» WHAT THE TASK REQUIRES
Print the lines exactly. Start at the first line of the material below, end with the line that contains "재킷에 도레이사의 더미작스Dermizax", and skip all pictures.

» STUDY MATERIAL
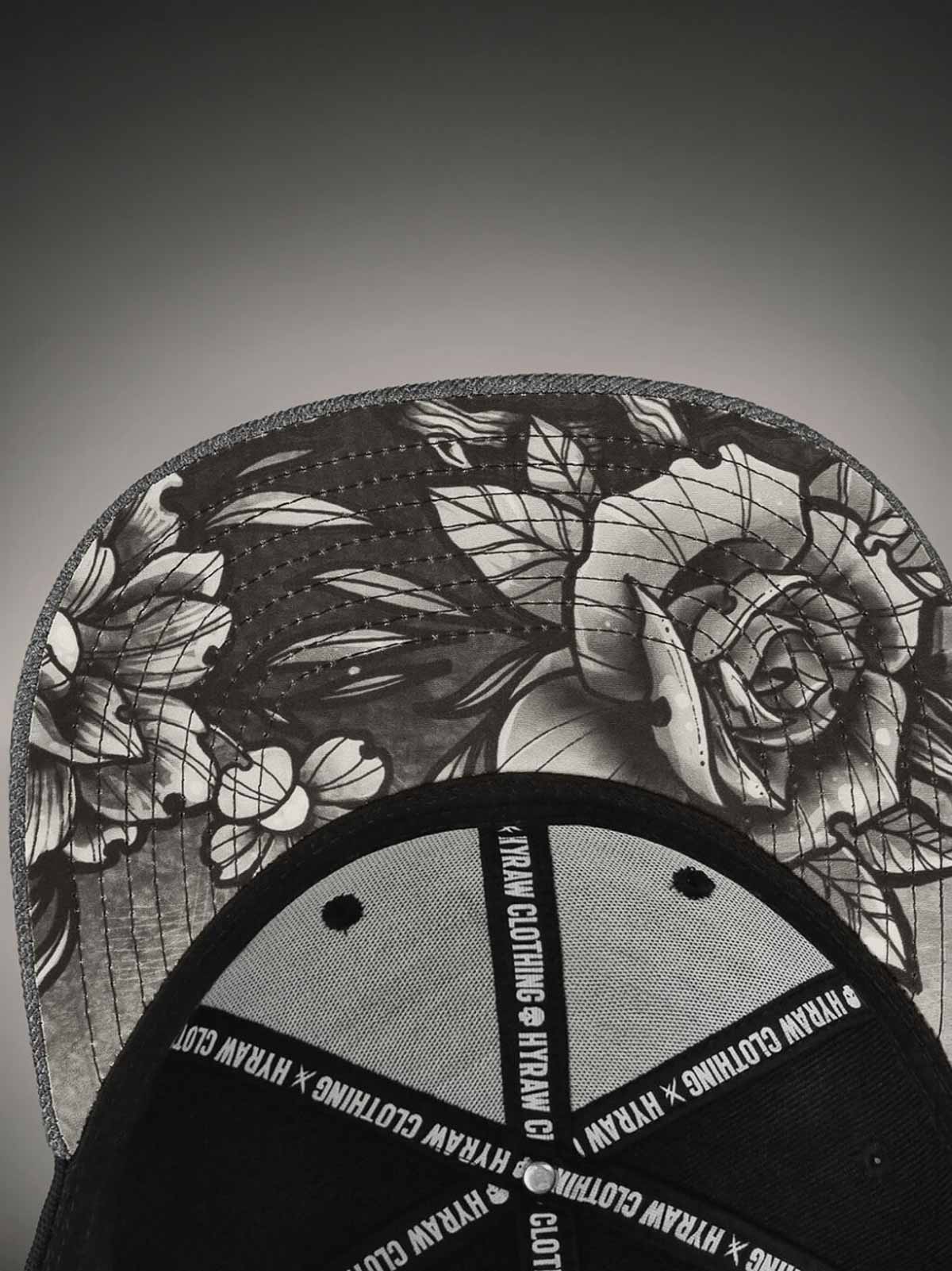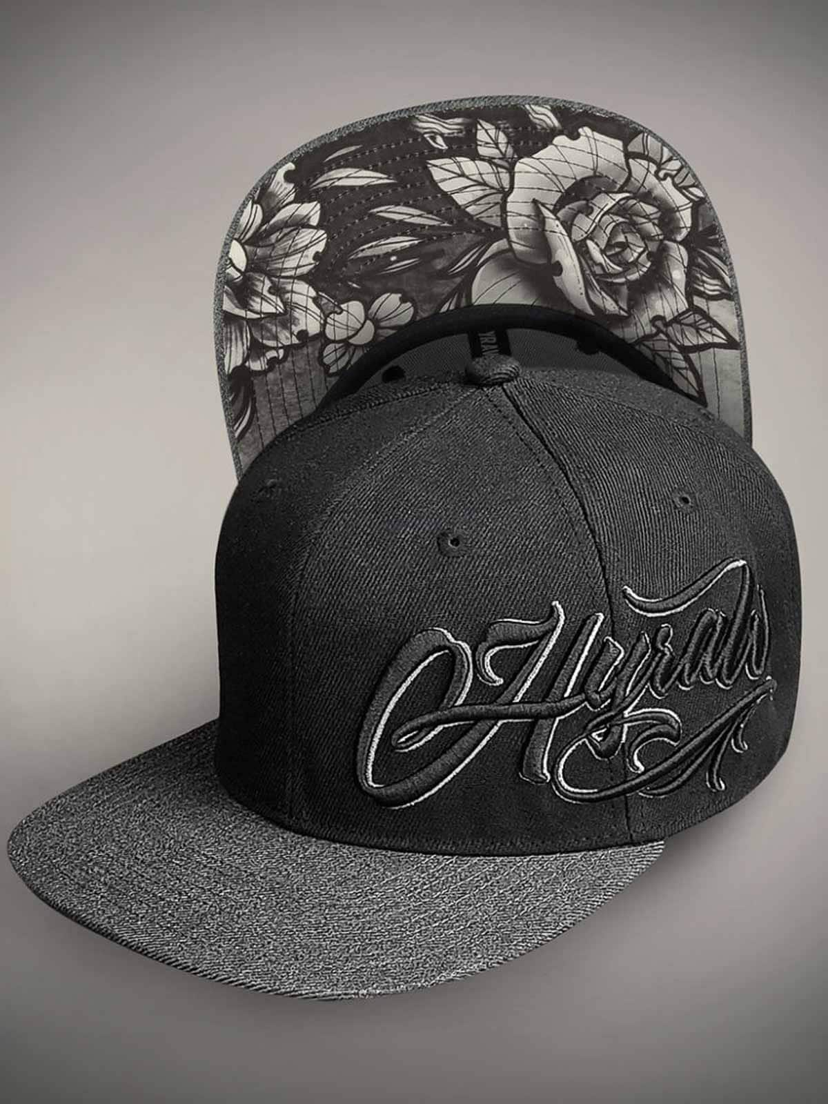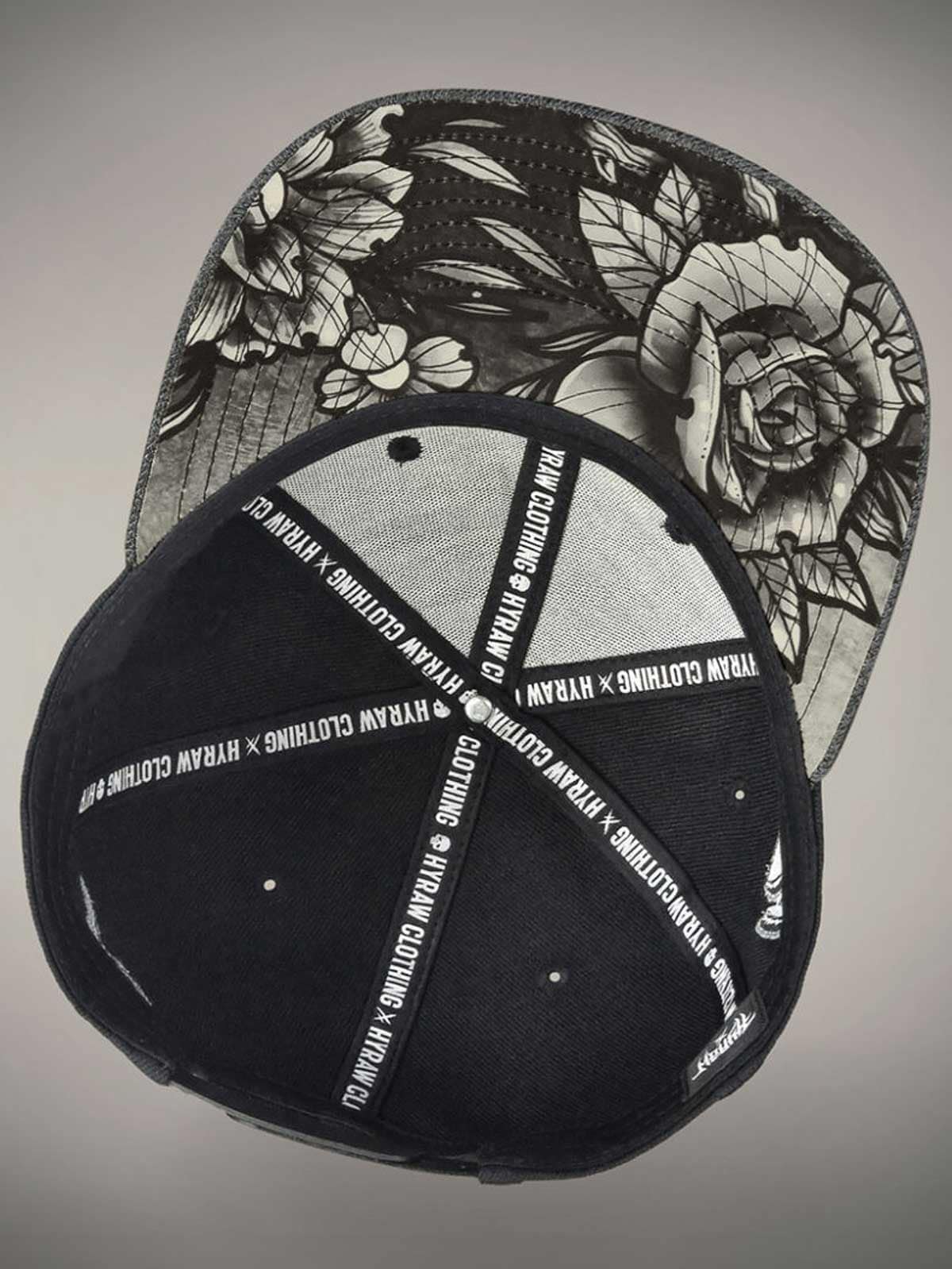 Musta lippis harmaalla suoralla lipalla. Suunniteltu brodeeratulla logolla sekä säädettävällä snapback-kiinnityksellä täydellistä istuvuutta varten. Lipan alapuoli on koristeltu tyylikkäällä ruusukuviolla, joka antaa lippikselle ainutlaatuisen ja näyttävän yksityiskohdan.
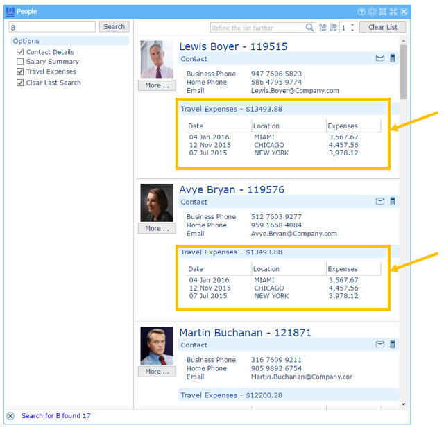 例えば、提供されている VLF-ONE デモでは社員と経費間のデータベースの親子関係は次のような連絡先カード・スタイル・リストでビジュアライズされています。
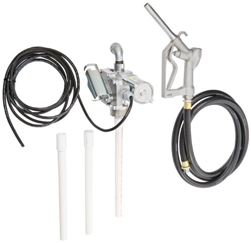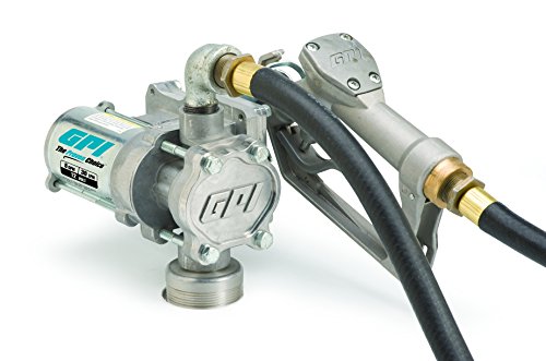 GPI 137100-01, EZ-8 Aluminum Fuel Transfer Pump, 8 GPM, 12-VDC, 0.75-Inch Manual Nozzle, 10-Foot Hose, 15-Foot Power Cord, Adjustable Suction Pipe
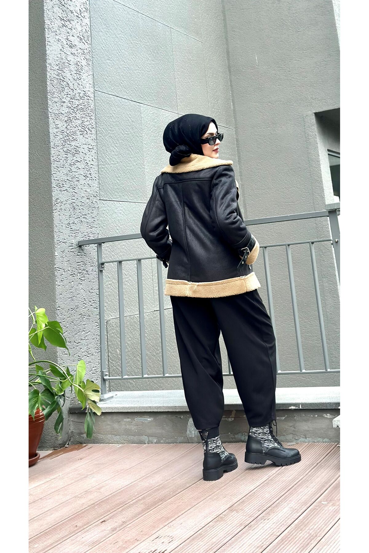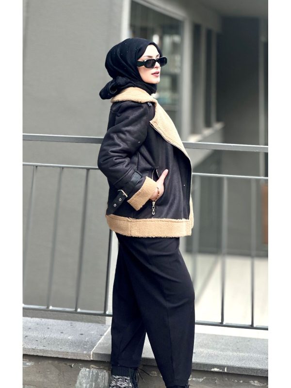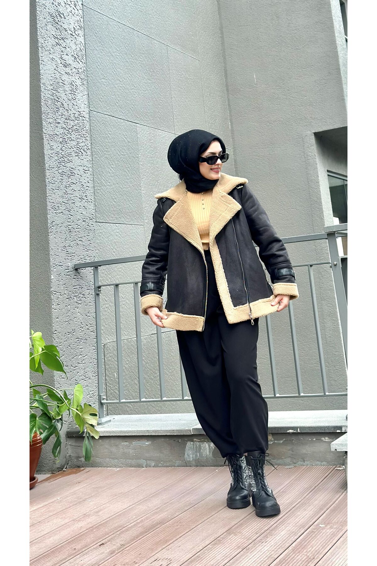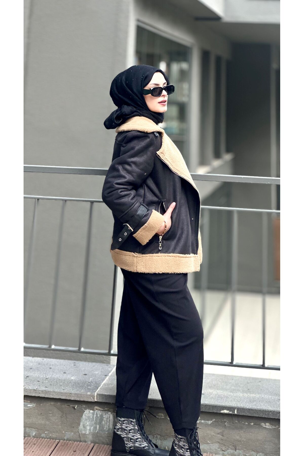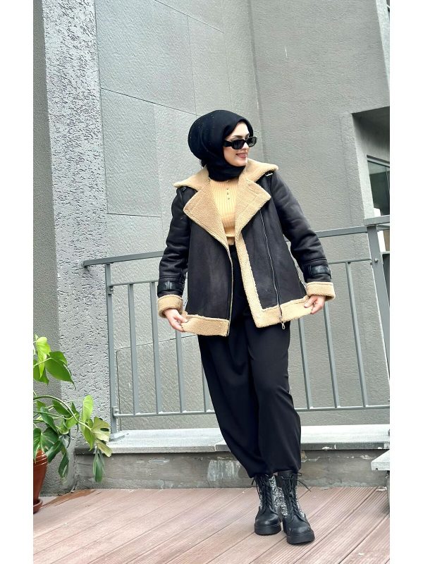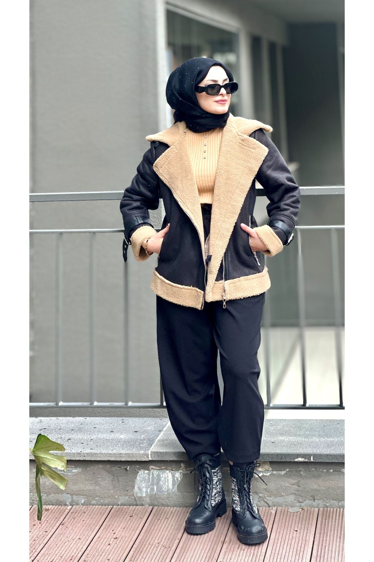 BIKER JACKET SIZE: S-M-L-XL COLOR: BLACK-CAMEL PRODUCT LENGTH: 67 CM SIZE S IS COMPATIBLE WITH SIZE 36, SIZE M IS COMPATIBLE WITH SIZE 38, SIZE L IS COMPATIBLE WITH SIZE 40.
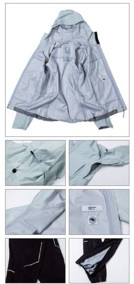 재킷에 도레이사의 더미작스Dermizax 필름이 사용됐다고 하네요. 고어텍스 XCR과 성능이 비슷하다고 알려져 있어요. 방수 성능은 좋을 것 같아요. 하지만 재킷의 주머니가 많네요. 실제로 이 주머니들을 사용할까 의문이군요. 바지도 흥미로워요. 이것도 나일론 3레이어 원단으로 제작했다고 하네요. 케일에서 새로 개발한 원단이에요. 겉보기엔 퍼텍스 원단과 비슷하군요. 바지 역시 가벼워서 트레일러닝 용으로 제격이겠어요.
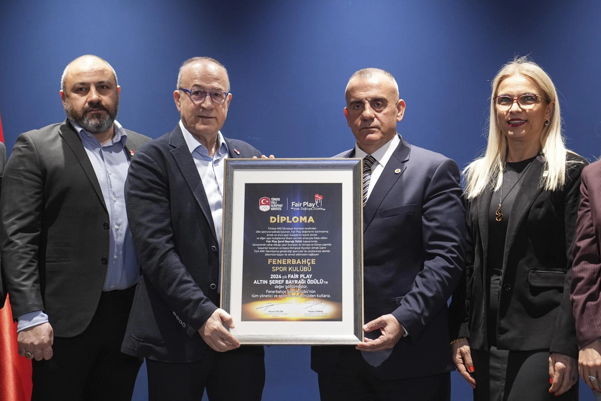 TMOK Fair Play Komisyonu Başkanı Haldun Domaç, söz konusu ödülün ilkinin de Fenerbahçe Kulübüne verildiğini belirterek, "Bir önceki dönem başlattığımız 'Fair Play Altın Şeref Bayrağı' ile ilgili bir çalışmamız vardı. Bu çalışmamızın birincisini Fenerbahçe kazanmıştı. Şimdi ikincisini de yine Fenerbahçe'ye takdim edeceğiz. 'Fair Play Altın Şeref Bayrağı' olimpiyatlara en fazla sporcu gönderen, Türk sporuna hizmet konusunda altyapıların beslenmesi konusunda çok önemli katkılar veren, fair play ruhunu çok doğru bir şekilde yansıtan Fenerbahçe Kulübü, açık ara bir oylamayla bu başarıyı elde etti. Bugün buraya bayrağı teslim etmek için geldik. Kendilerine çok teşekkür ediyoruz." diye konuştu.
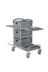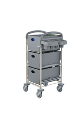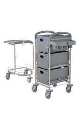 The compact system trolley for maximum storage space on minimum area with detachable disposal unit made from recycled materials.
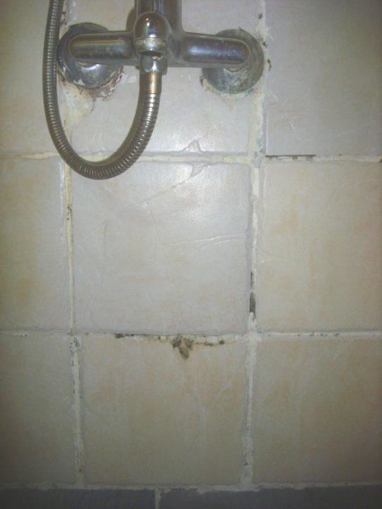 Armatur mit Schimmelfuge in der DuscheSo sah die "renovierte Dusche" aus. Wasser wurde eigenständig heiß und kalt - wie bei allen im Hotel.
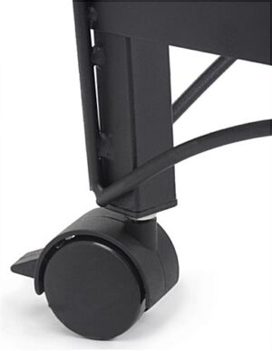 The retail fixture, metal POP display rack comes in a black finish for coordinating with any setting. The stand can also be made for stationary use, since the casters can be removed easily. This metal POP display rack that has (3) shelves can hold numerous products at one time. The fixture’s shelves are great for holding wine bottles, lotions, cleaning materials, seasonal items, breads, and more. Each metal POP display rack comes with a removable sign holder. The print frame is 12-1/4″w x 6-1/8″h. This metal POP display rack is 53″ tall. Each merchandise stand takes just seconds to assemble and is ready for use almost right out of the box.
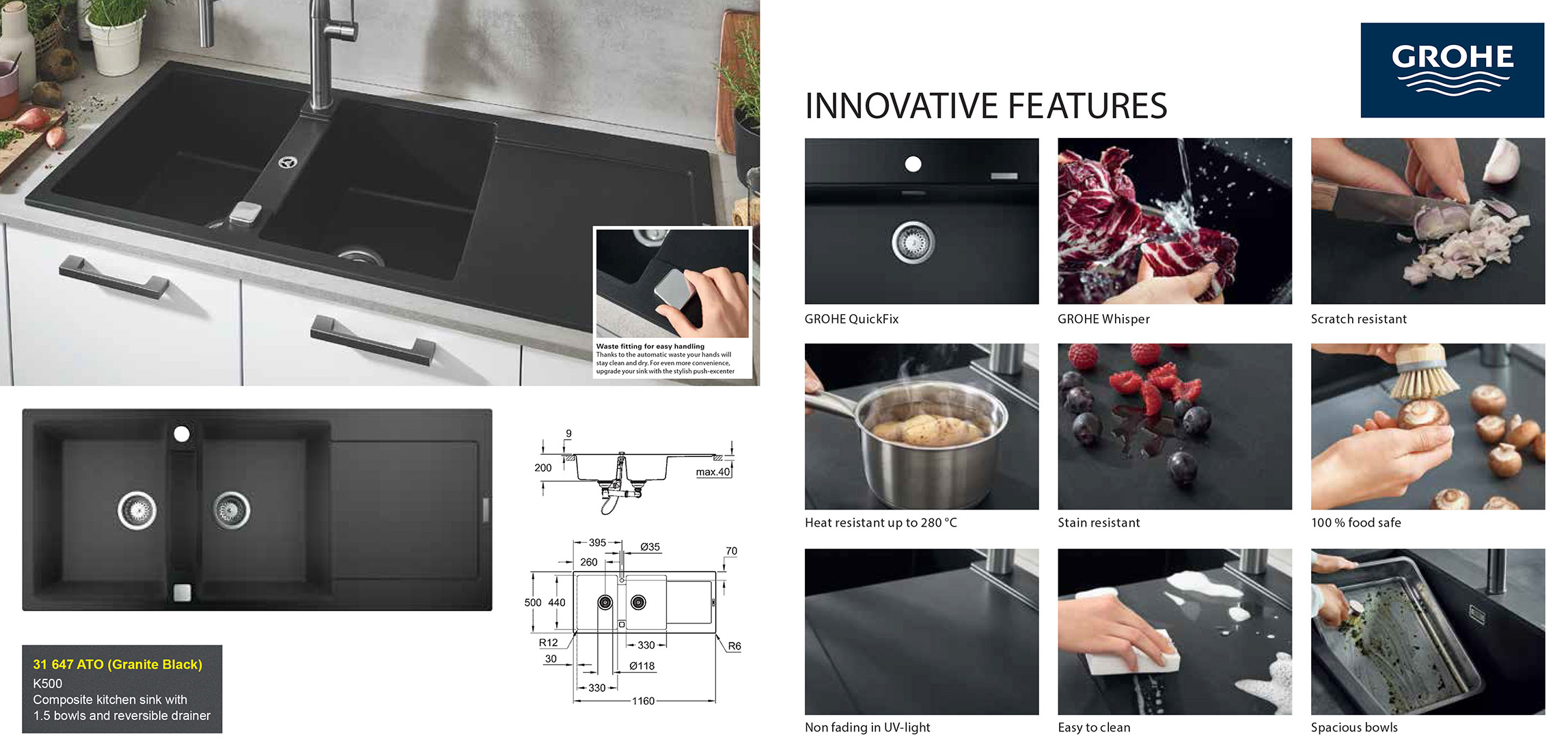 主頁鋅盆/水龍頭(Sink Faucet)花崗石-鋅盆Grohe31 647 (K500)雙鋅盆 31 647 (K500)

» ANSWER BOX
 Musta lippis harmaalla suoralla lipalla. Suunniteltu brodeeratulla logolla sekä säädettävällä snapback-kiinnityksellä täydellistä istuvuutta varten. Lipan alapuoli on koristeltu tyylikkäällä ruusukuviolla, joka antaa lippikselle ainutlaatuisen ja näyttävän yksityiskohdan.
 例えば、提供されている VLF-ONE デモでは社員と経費間のデータベースの親子関係は次のような連絡先カード・スタイル・リストでビジュアライズされています。
 GPI 137100-01, EZ-8 Aluminum Fuel Transfer Pump, 8 GPM, 12-VDC, 0.75-Inch Manual Nozzle, 10-Foot Hose, 15-Foot Power Cord, Adjustable Suction Pipe
 BIKER JACKET SIZE: S-M-L-XL COLOR: BLACK-CAMEL PRODUCT LENGTH: 67 CM SIZE S IS COMPATIBLE WITH SIZE 36, SIZE M IS COMPATIBLE WITH SIZE 38, SIZE L IS COMPATIBLE WITH SIZE 40.
 재킷에 도레이사의 더미작스Dermizax 필름이 사용됐다고 하네요. 고어텍스 XCR과 성능이 비슷하다고 알려져 있어요. 방수 성능은 좋을 것 같아요. 하지만 재킷의 주머니가 많네요. 실제로 이 주머니들을 사용할까 의문이군요. 바지도 흥미로워요. 이것도 나일론 3레이어 원단으로 제작했다고 하네요. 케일에서 새로 개발한 원단이에요. 겉보기엔 퍼텍스 원단과 비슷하군요. 바지 역시 가벼워서 트레일러닝 용으로 제격이겠어요.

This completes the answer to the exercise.